Monday, April 16, 2007

The Elephant In The Room

My husband hates it when a news story cycles over and over, so it was no surprise that his response to seeing the “Imus” story yet again was “God, is that still on?”

“No” I said, “It’s good. It’s created a dialogue.”

This past week I’ve heard topics discussed that nobody was talking about in the “mainstream-all-Anna-Nicole-Smith-all-the-time-media.” Racism, sexism, media consolidation, money, power, censorship, moral decay. Real conversation about real things that hit us where we actually live instead of the typical fanfare of “baby’s daddies” and “shaved heads.”
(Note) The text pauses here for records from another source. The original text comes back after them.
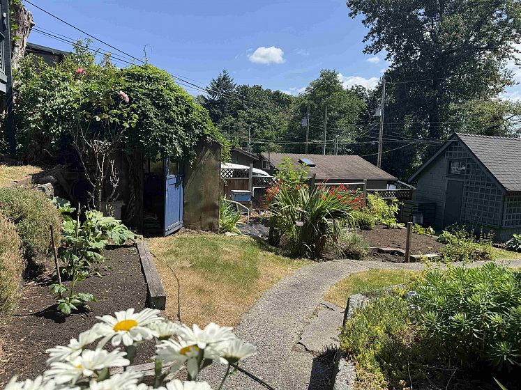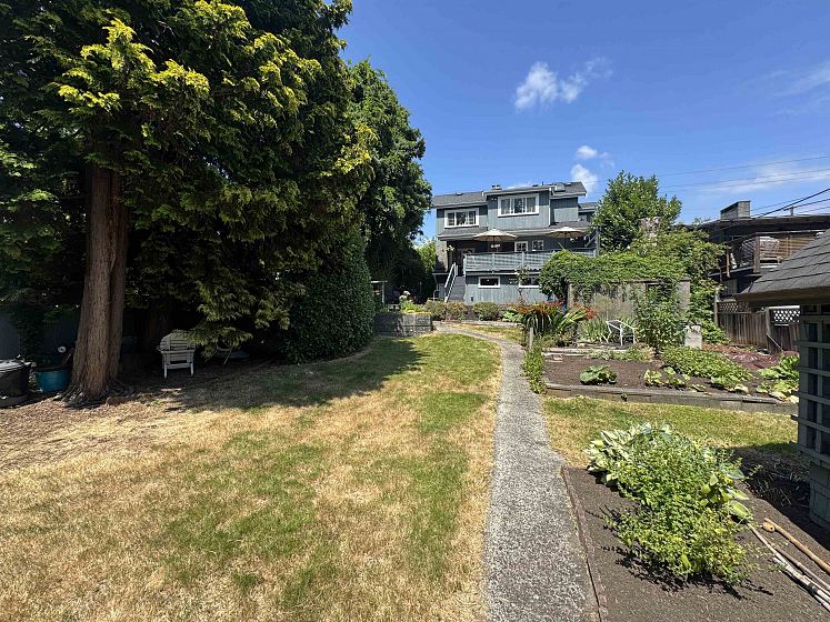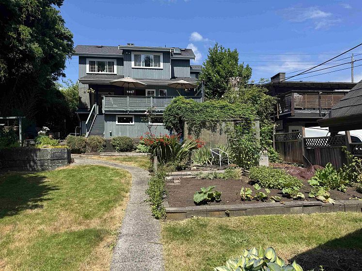An absolutely charming home built in 1928 with addition/renovations in 1994 with some original features, heaps of privacy, and tons of possibility. The sunny deck and backyard have plenty of space for veggie gardens and a carriage house with no sacrifice on space. There are 2-bedrooms up and the option for a 3rd in the open flex space with a full bathroom on each floor. A final bedroom is on the lower level off the large family room. With a generous kitchen pantry, basement storage room, detached garage and over-sized closets, there is storage galore and a workshop under the deck too! The 2-level original garage off the back laneway has space for one car or a laneway house conversion.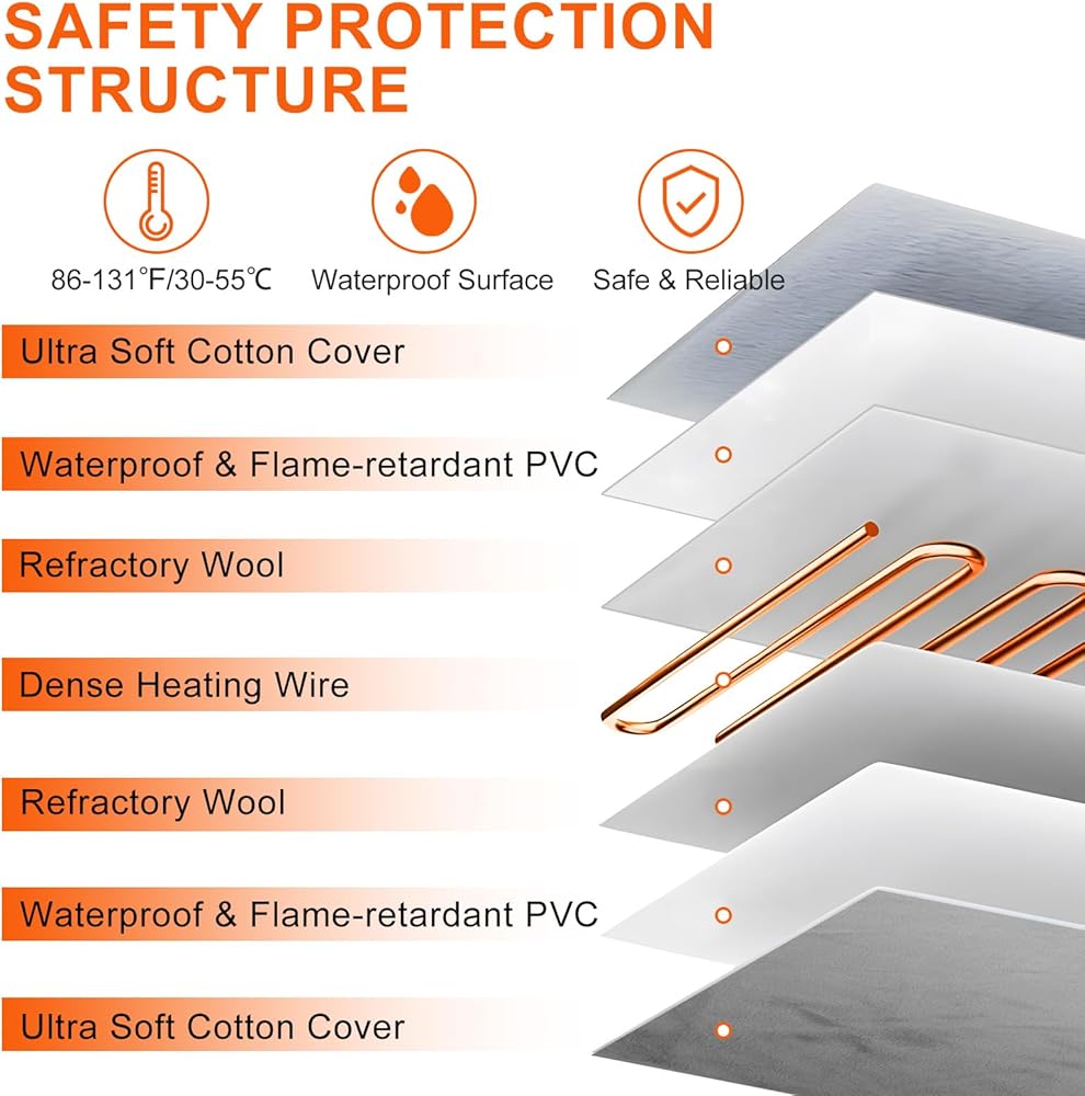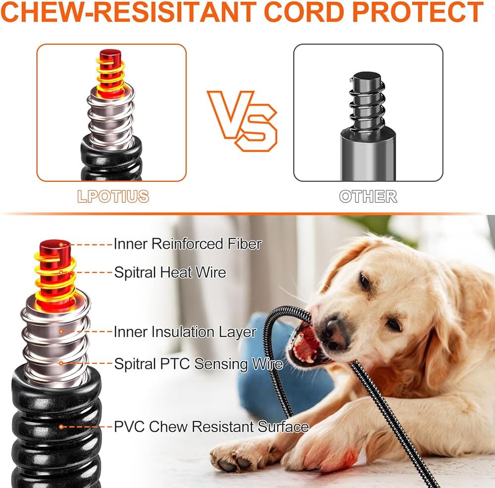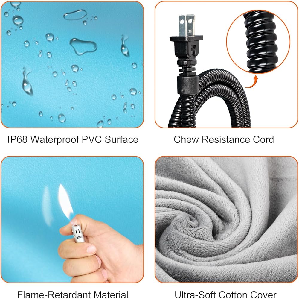 【Safety First Design】- Crafted from high quality heating wires, flame-retardant and scratch-resistant fabric, equipped with additional chew-resistant cord and built-in overheating auto-shutdown protection, our heating pad is designed to withstand your pet's everyday activities while keeping them protected.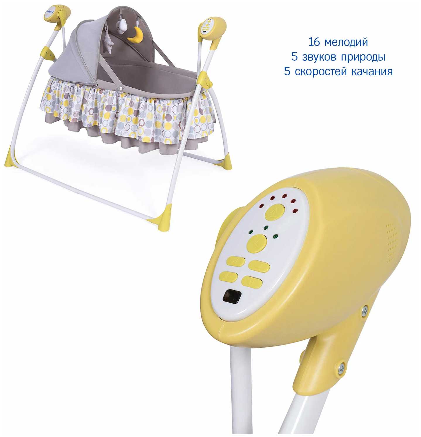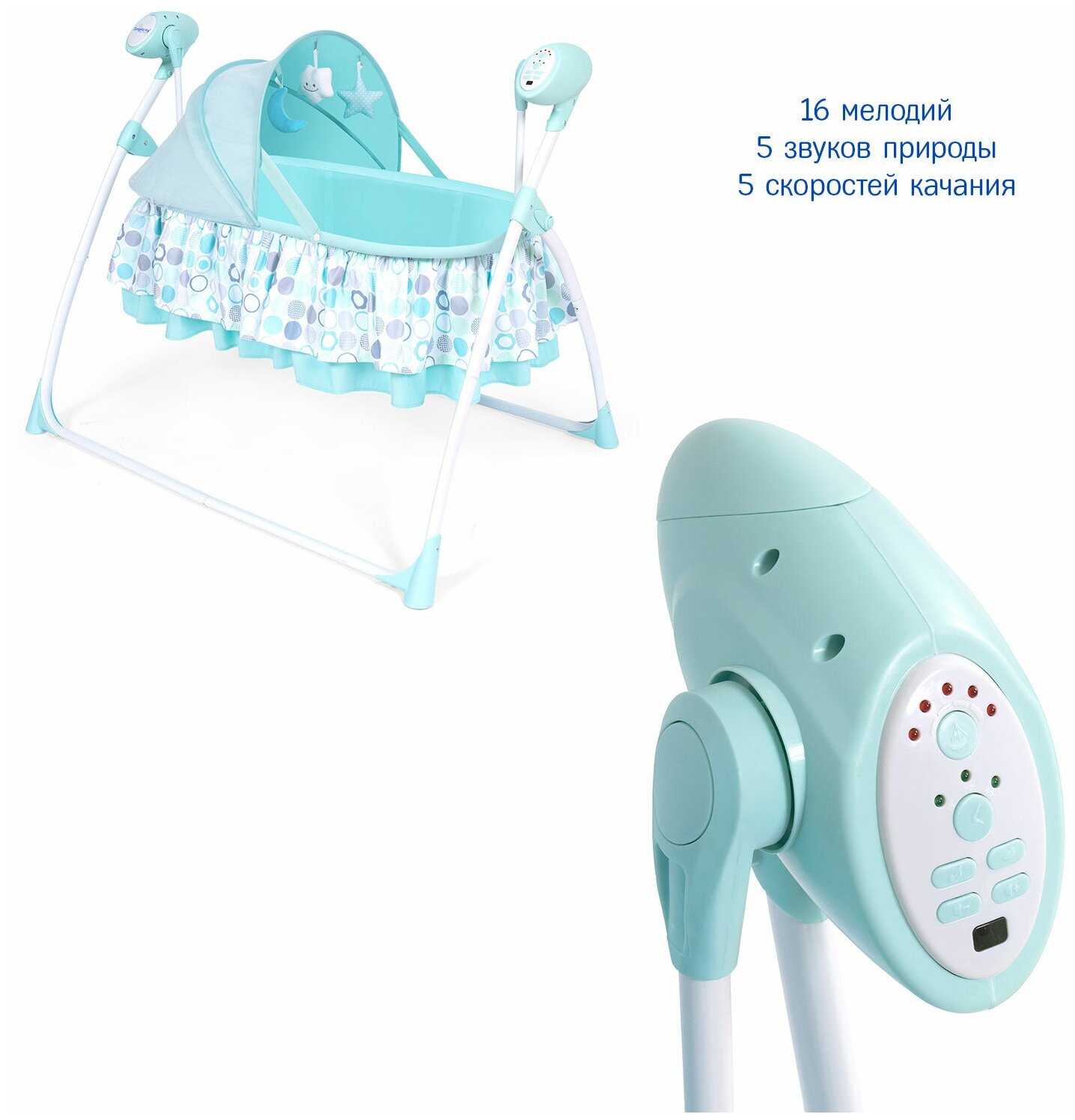 Одна из самых бюджетных колыбелей с авто-укачиванием, 5 режимов работы, за это ее и выбрала. Управление расположено так что малыш при весм желании к нему не дотянется, да и мне подходить не мешает. Игрушек правда не так много, но мы свои погемушки докладываем.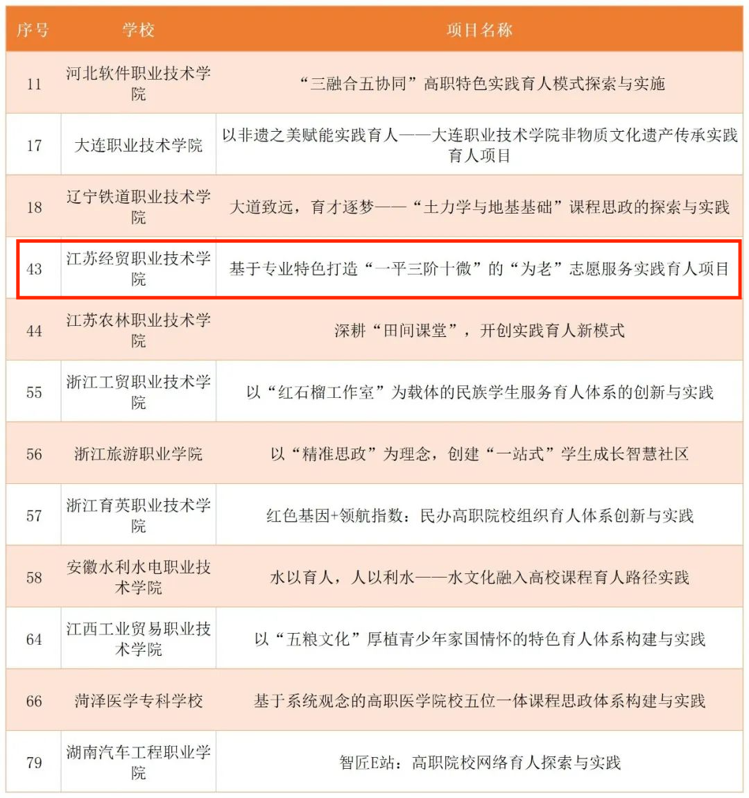 近日,教育部办公厅发文公布高校思想政治工作精品项目、高校思想政治工作中青年骨干、高校原创文化精品、高校思想政治工作研究文库入选名单我院《基于专业特色打造“一平三阶十微”的“为老”志愿服务实践育人项目》成功入选2023年度高校思想政治工作精品项目。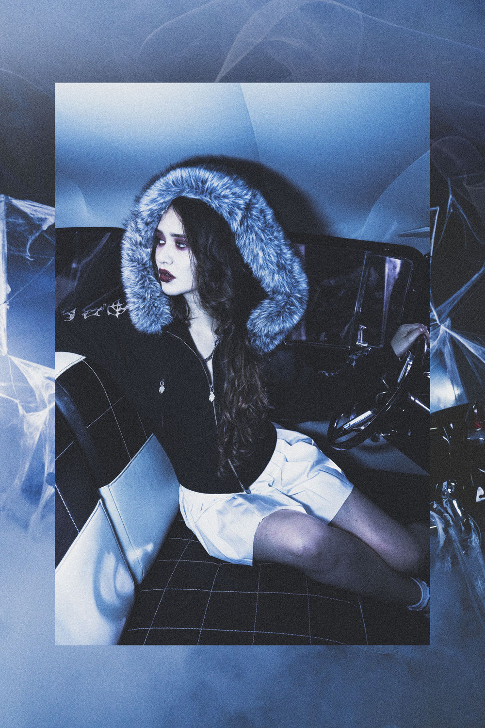 Lover's Lament Angel Cropped Fur Zip Up Hoodie in Black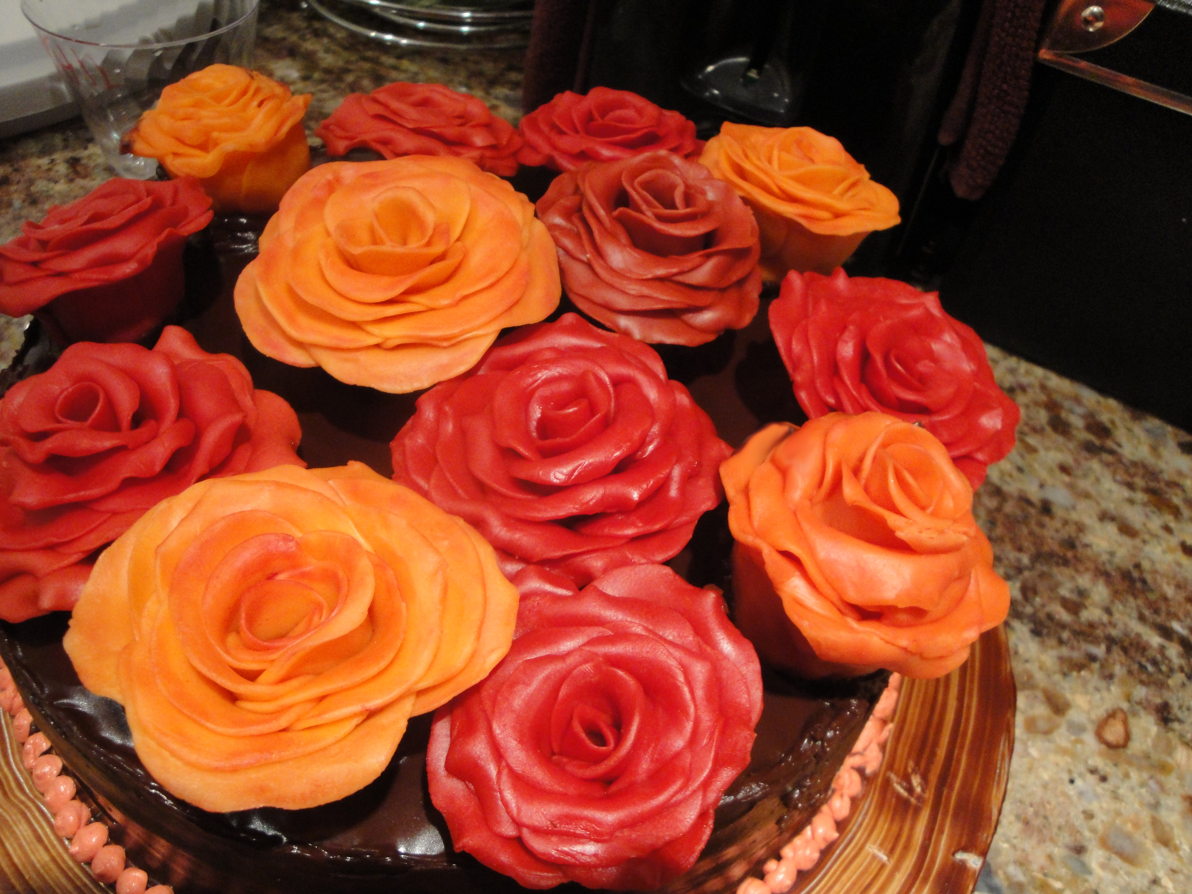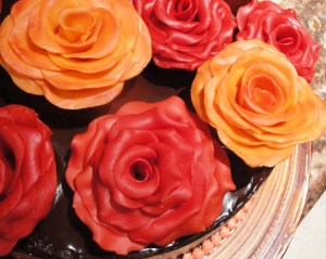Ireen loves chocolate, flowers and bright colors. For her birthday cake, these three things combined was a wonderful inspiration for a great cake. I envisioned a bouquet of bright orange, red and burgundy roses with a glossy chocolate covered cake as the perfect backdrop. Each rose was made by hand petal by petal with modeling chocolate and constructed and sculpted to make the rose look realistic. These flowers simply look too gorgeous to be eaten and the cake too beautiful to be cut.
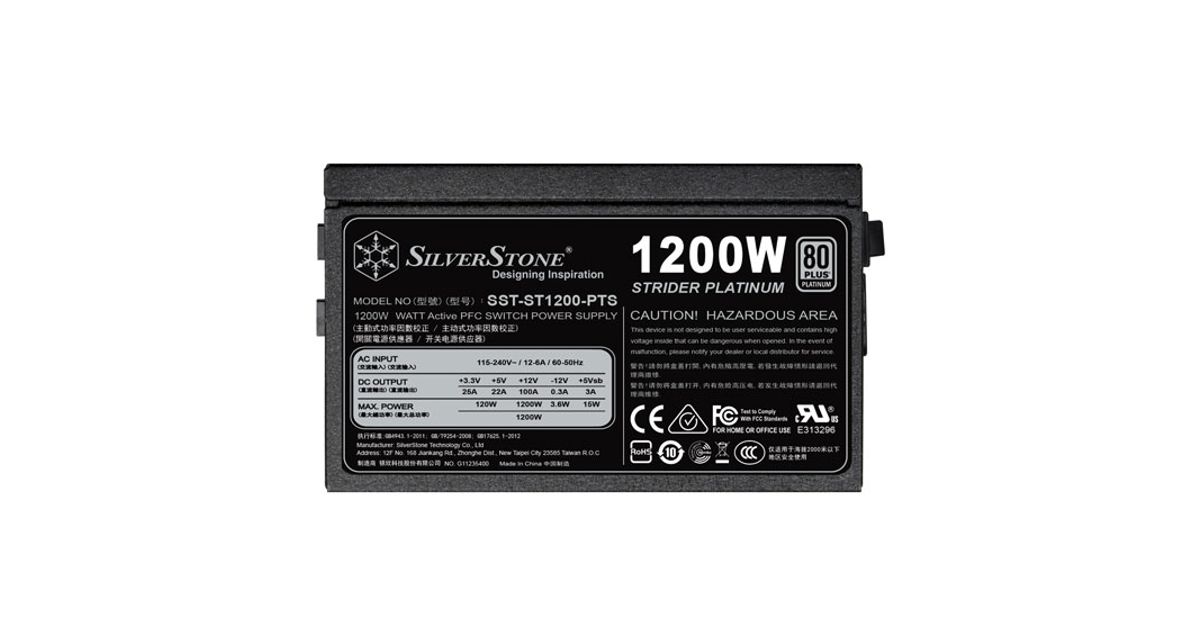 Silverstone ST1200-PTS, 1200 W, 100 - 264 V, 47 - 63 Hz, Aktiivne, 120 W, 1200 W
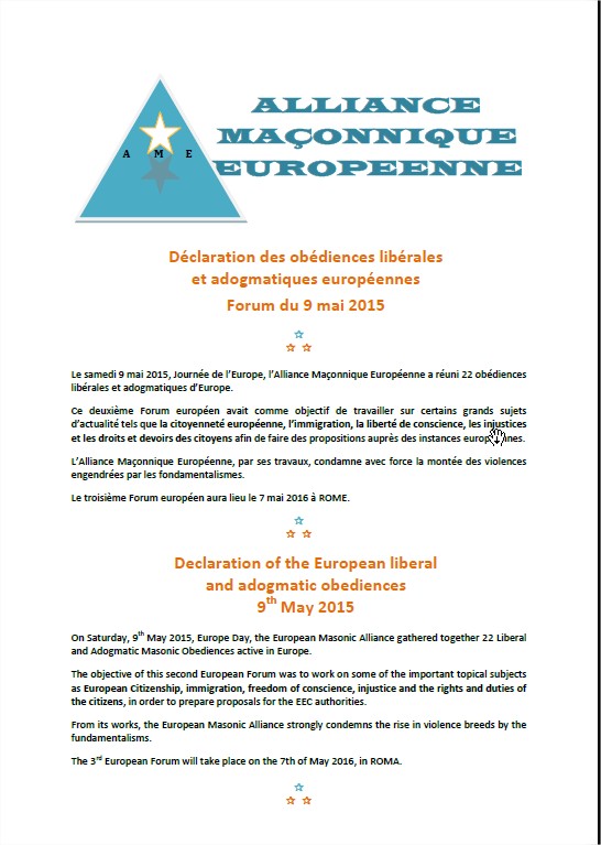 A Grande Loja Simbólica de Portugal e o Grande Oriente Lusitano, estiveram presentes no Fórum da Alliance Maçonnique Europeenne, ao qual se produziu uma Declaração que servirá de plataforma a projectos concretos no âmbito da União Europeia.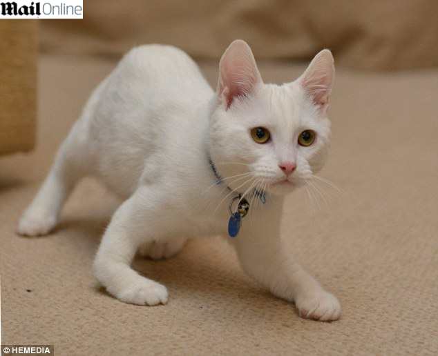 Ele nasceu com uma condição rara. Ossos de metade das pernas dianteiras não se desenvolveram. Então, o gatinho aprendeu a andar e brincar com os cotovelos.

It even prompted a conversation between me and a couple of Jehovah’s Witness women that came to my door. They gave me a pamphlet about morality and my response was “Tell me about it. Since when did women’s liberation become Girls Gone Wild?” One of the women responded “Yeah, there’s no Gloria Steinem in that.” I think had the conversation gone on, we might have diverged on our definitions of morality. But, we did agree that our shared frustration had its roots in the continual bombardment by media of images, words and yes, music, that denigrates women and returns us to the object status that Betty Friedan railed against in the Feminine Mystique. Here we are four decades later and our mops have been replaced by booty calls. And so much of that has been manufactured by a media who as the Rutger’s coach said, sees one color, that being green.

In that environment where it’s all just fun, one big long hoot, eighteen year old girls get called dirty names by a worn out old coot.

But more than what’s out there, I spend time worrying about what’s on the inside. It is not my imagination that young women have internalized sexual exploitation and why shouldn’t they, they’re being hammered by it constantly. I saw a girl who couldn’t have been more than ten walking through the mall (with her mother) wearing the shortest of shorts on which the words “Hot Stuff” were embroidered. The media message is clear; being sexually desirable makes you somebody, not being somebody makes you sexually desirable.

I wonder how long the conversation about media consolidation will last? This past week I finally heard some black journalists getting a chance to tackle the subject on Reliable Sources with Howard Kurtz. But when one of the journalists started really drilling down on who owns the air waves, Kurtz cut him short because it was time for a commercial break.

So it’s no wonder that we never really get to how racial exploitation is a big money maker and how Hollywood continues to rake in dough portraying every black man as a pimp and every black woman as a prostitute. And we can’t get there because the board rooms of corporate media are short on women and certainly short on people of color. We won’t arrive at any positive resolutions any time soon as long as the Academy of Motion Pictures Arts and Sciences think the following lyrics deserve an Oscar.

“Wait I got a snow bunny, and a black girl too
You pay the right price and they'll both do you
That's the way the game goes, gotta keep it strictly pimpin
Gotta have my hustle tight, makin change off these women, yeah”

Nor will we change anything as long as we believe that putting pressure on advertisers and sponsors to get media cleaned up is censorship. It’s not censorship when Imus is fired but it is censorship when Rap is held to account, or at least the white board rooms that exploit the lowest common denominators in our society are held to account? I do think Imus should have been fired, but I also believe there’s a few dozen more heads in music, television and film, that need to roll

Me and the Jehovah’s Witness women probably do have a lot of differences in our definitions of morality. But I got the sense, in that brief conversation, that we would agree that somewhere, somehow there has to be a limit.

The parents of the Rutger’s team need to be congratulated for doing such an outstanding job raising those girls, given they were challenged every step of the way by a media that believes swimming in a cesspool is perfectly acceptable behavior. Where is their fifteen minutes of fame? Where is their award?